Figure 4 illustrates the overall AI-enhanced prediction pipeline and conceptual framework of the proposed method, rather than individual braking-signal waveforms. The figure summarizes the end-to-end implementation flow from multi-sensor inputs through preprocessing, physics-informed feature construction, hybrid dataset integration, and machine-learning-based braking-distance prediction.

Figure 4 summarizes this structured pipeline and supports reproducibility of the proposed AI-enhanced prediction framework.

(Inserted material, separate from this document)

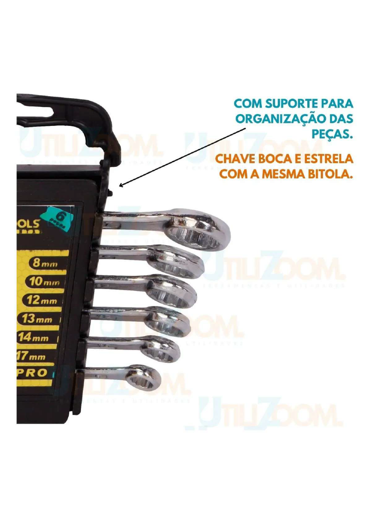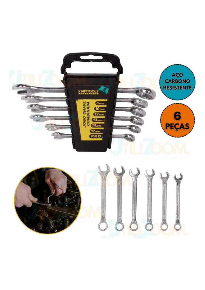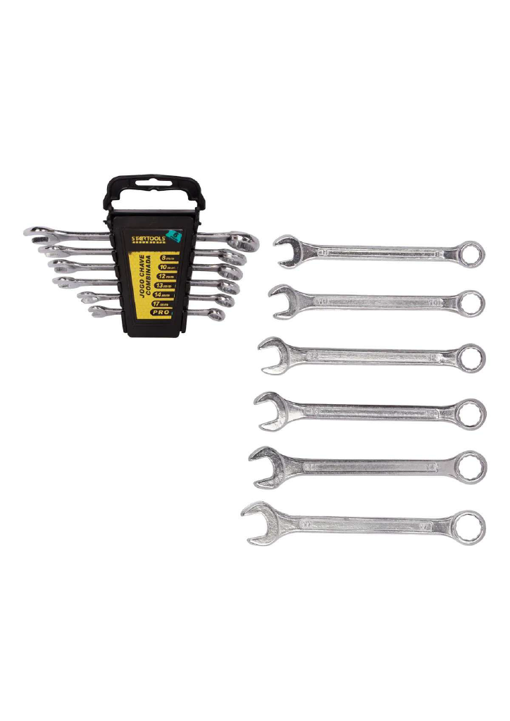 Material resistente e durável, garantindo uma excelente qualidade do produto!Conteúdo:• 6 Chaves Fixas / Chaves de Boca• Tamanhos: 6 x 7, 8 x 9, 10 x 11, 12 x 13, 14 x 15, 16 x 17 mm.• Acompanha suporte plástico para organização e transporte do conjunto.Essas ferramentas podem ser utilizadas em diversos setores pela sua versatilidade, sendo principalmente utilizadas no ramo automotivo e na manutenção de máquin

2.6.1. Input Feature Set Construction

The predictive model uses a hybrid feature set constructed from real-vehicle measurements and ASM-based virtual scenarios. The following variables were selected based on physical relevance and empirical sensitivity analysis:

(i)

Vehicle Kinematic Features

• Initial vehicle speed $v_0$
• Mean deceleration during the first 0.5 s of braking
• Peak deceleration $a_{peak}$

(ii)

Dynamic Axle-Load Features

Real-time axle loads were estimated using the polynomial angle-to-load mapping in Equation (12). The following dynamic descriptors were computed for Axles 1–4:

• • Static axle load $W_{i,static}$
  • Instantaneous dynamic load $W_i\left(t\right)$
  • Load variation index $\Delta W_i=\max \left(W_i\right)-\min \left(W_i\right)$
  • Load-rate descriptor ${\dot{W}}_i\left(t\right)$ during the first 0.3 s of braking

These variables quantify dynamic load transfer, suspension compliance, and inter-axle interactions, which are known to influence braking performance in multi-axle trucks.

(iii)

Road-Friction Features

Using the fused friction estimator in Equation (16), three friction-related inputs were constructed:

• • Estimated friction coefficient $\widehat{\mu }$
  • Variance of optical reflectance during pre-braking roll-out
  • Slip-ratio-derived adhesion index ${\mu }_{slip}$

(iv)

Road-Surface and Gradient Descriptors

Although the test road exhibited negligible grade, the grade and micro-texture parameters from ASM simulations were included to generalize the model:

• • Longitudinal road grade $g$
  • ISO 8608 texture parameter $\lambda$

(v)

Payload-Related Features

• Total payload mass $M_{payload}$
• Per-axle payload distribution ratio

Together, these features enable the model to capture the nonlinear coupling between load transfer, friction, and braking dynamics.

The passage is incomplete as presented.